╔══
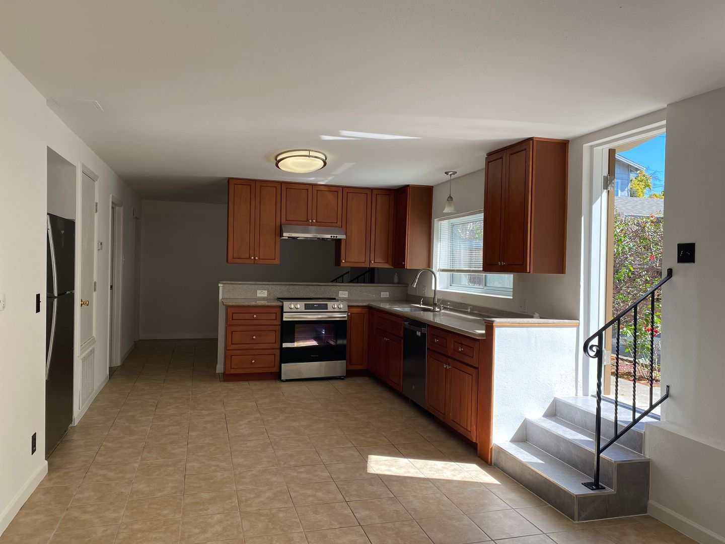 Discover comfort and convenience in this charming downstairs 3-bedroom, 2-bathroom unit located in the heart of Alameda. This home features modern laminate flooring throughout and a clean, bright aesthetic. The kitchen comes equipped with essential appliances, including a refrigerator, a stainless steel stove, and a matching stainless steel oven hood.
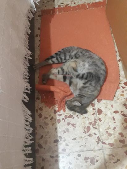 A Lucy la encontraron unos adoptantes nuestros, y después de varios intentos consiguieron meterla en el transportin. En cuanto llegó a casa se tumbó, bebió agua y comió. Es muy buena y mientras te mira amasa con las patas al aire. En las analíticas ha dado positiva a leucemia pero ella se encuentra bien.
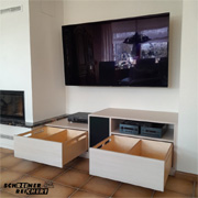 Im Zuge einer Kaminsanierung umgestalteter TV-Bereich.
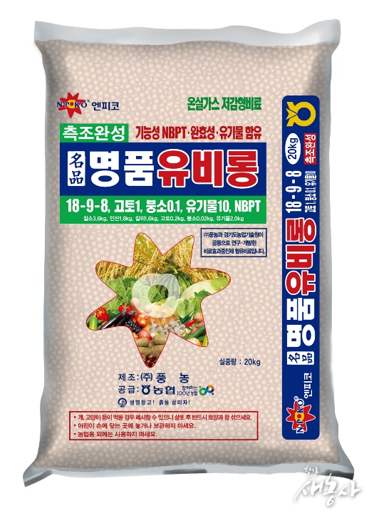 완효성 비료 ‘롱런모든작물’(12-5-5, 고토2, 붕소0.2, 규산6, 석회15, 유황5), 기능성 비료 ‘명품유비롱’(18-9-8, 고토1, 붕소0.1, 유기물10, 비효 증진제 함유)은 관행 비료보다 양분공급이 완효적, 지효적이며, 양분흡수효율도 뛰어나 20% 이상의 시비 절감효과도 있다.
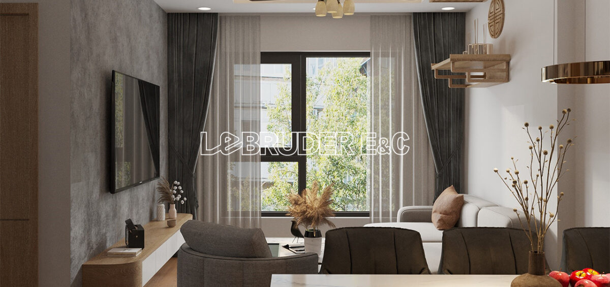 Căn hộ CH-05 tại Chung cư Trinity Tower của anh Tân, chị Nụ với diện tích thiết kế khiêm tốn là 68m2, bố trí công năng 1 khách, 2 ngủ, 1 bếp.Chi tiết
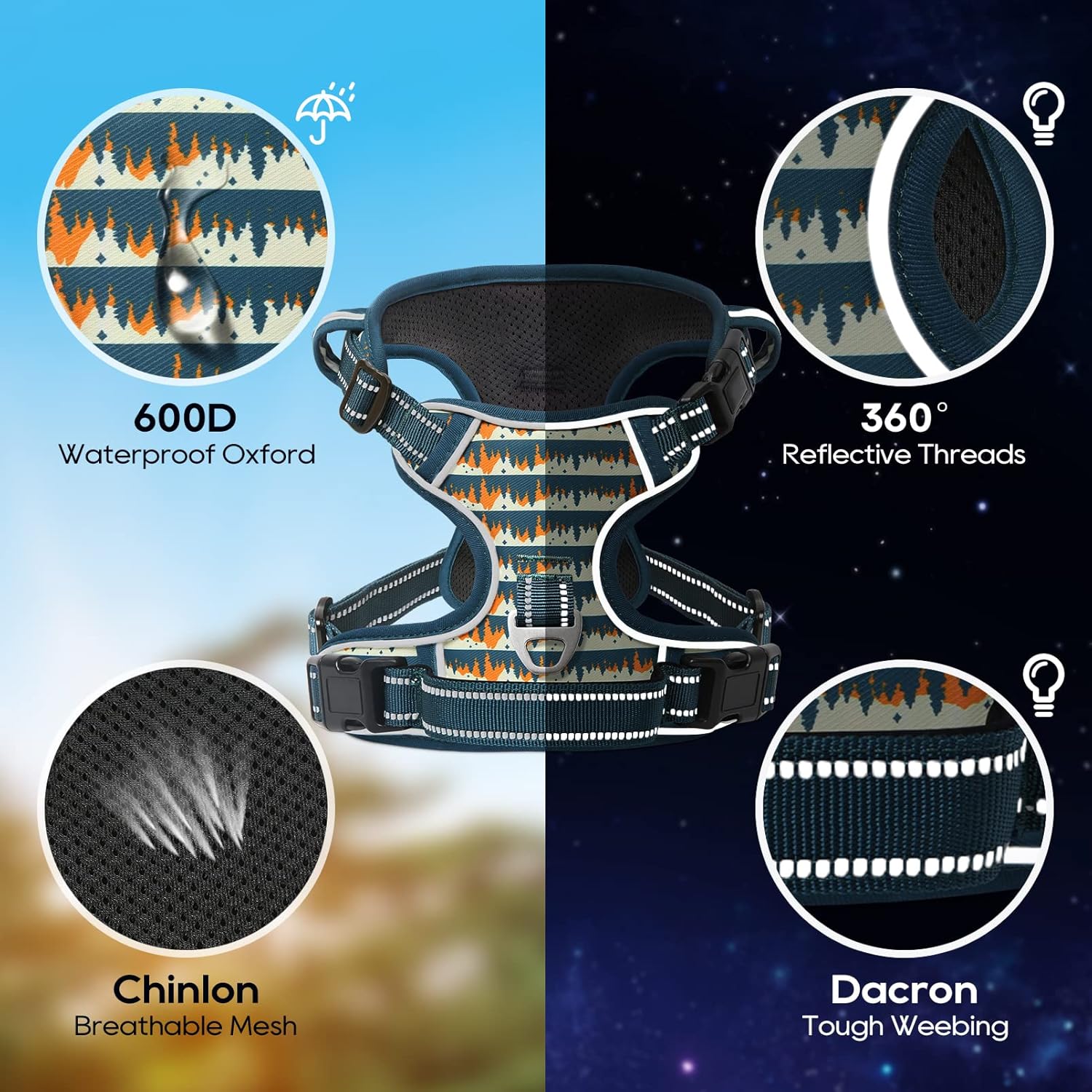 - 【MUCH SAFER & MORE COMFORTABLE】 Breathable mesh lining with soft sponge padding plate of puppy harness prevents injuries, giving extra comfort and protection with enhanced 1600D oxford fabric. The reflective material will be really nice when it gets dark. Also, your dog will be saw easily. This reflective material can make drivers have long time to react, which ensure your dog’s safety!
╚══
◆ **TASK BRIEF**:
After locating the line that contains "Căn hộ CH-05", output it and all later lines through the end of the material exactly, leaving out pictures.

◆ **RESULT OF THE EXERCISE**:
 Căn hộ CH-05 tại Chung cư Trinity Tower của anh Tân, chị Nụ với diện tích thiết kế khiêm tốn là 68m2, bố trí công năng 1 khách, 2 ngủ, 1 bếp.Chi tiết
 - 【MUCH SAFER & MORE COMFORTABLE】 Breathable mesh lining with soft sponge padding plate of puppy harness prevents injuries, giving extra comfort and protection with enhanced 1600D oxford fabric. The reflective material will be really nice when it gets dark. Also, your dog will be saw easily. This reflective material can make drivers have long time to react, which ensure your dog’s safety!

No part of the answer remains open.